[[ RECORDS SUPPLIED, beginning ]]
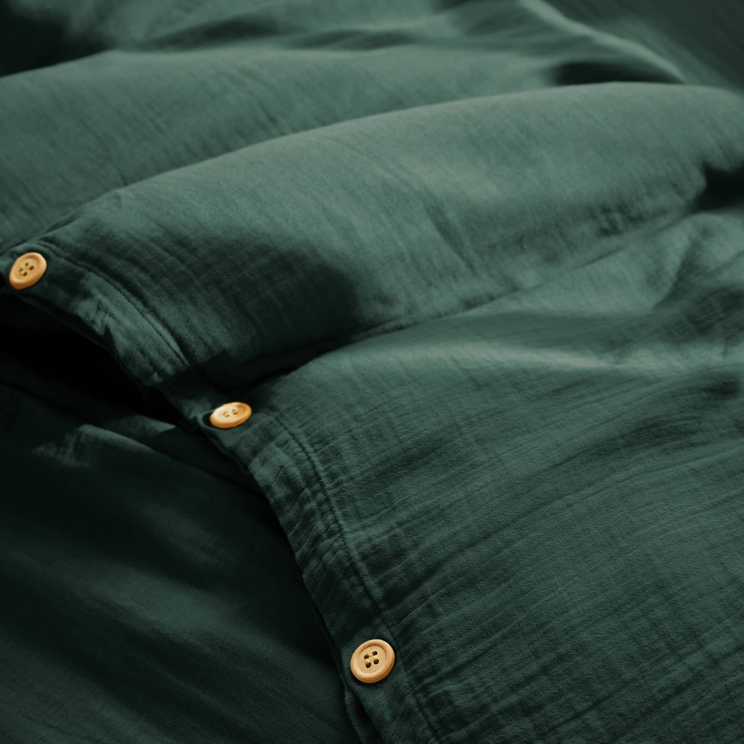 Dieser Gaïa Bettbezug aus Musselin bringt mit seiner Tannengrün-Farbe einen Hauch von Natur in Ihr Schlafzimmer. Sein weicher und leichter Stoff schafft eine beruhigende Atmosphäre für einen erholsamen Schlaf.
[[ RECORDS SUPPLIED, end ]]
[[ RECORDS SUPPLIED, beginning ]]
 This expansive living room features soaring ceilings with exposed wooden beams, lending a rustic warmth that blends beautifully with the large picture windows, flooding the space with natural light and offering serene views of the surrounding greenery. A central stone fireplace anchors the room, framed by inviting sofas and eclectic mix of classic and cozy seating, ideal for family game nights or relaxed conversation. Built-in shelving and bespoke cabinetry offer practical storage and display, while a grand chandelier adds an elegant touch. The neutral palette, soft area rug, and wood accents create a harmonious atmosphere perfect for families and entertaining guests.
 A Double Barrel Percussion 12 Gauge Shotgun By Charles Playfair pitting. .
[[ RECORDS SUPPLIED, end ]]
TASK STATEMENT: Your task is to restate, word for word, only those lines above that fall between the line holding "This expansive living" and the line holding "A Double Barrel", inclusive.

PROBLEM SOLUTION:
 This expansive living room features soaring ceilings with exposed wooden beams, lending a rustic warmth that blends beautifully with the large picture windows, flooding the space with natural light and offering serene views of the surrounding greenery. A central stone fireplace anchors the room, framed by inviting sofas and eclectic mix of classic and cozy seating, ideal for family game nights or relaxed conversation. Built-in shelving and bespoke cabinetry offer practical storage and display, while a grand chandelier adds an elegant touch. The neutral palette, soft area rug, and wood accents create a harmonious atmosphere perfect for families and entertaining guests.
 A Double Barrel Percussion 12 Gauge Shotgun By Charles Playfair pitting. .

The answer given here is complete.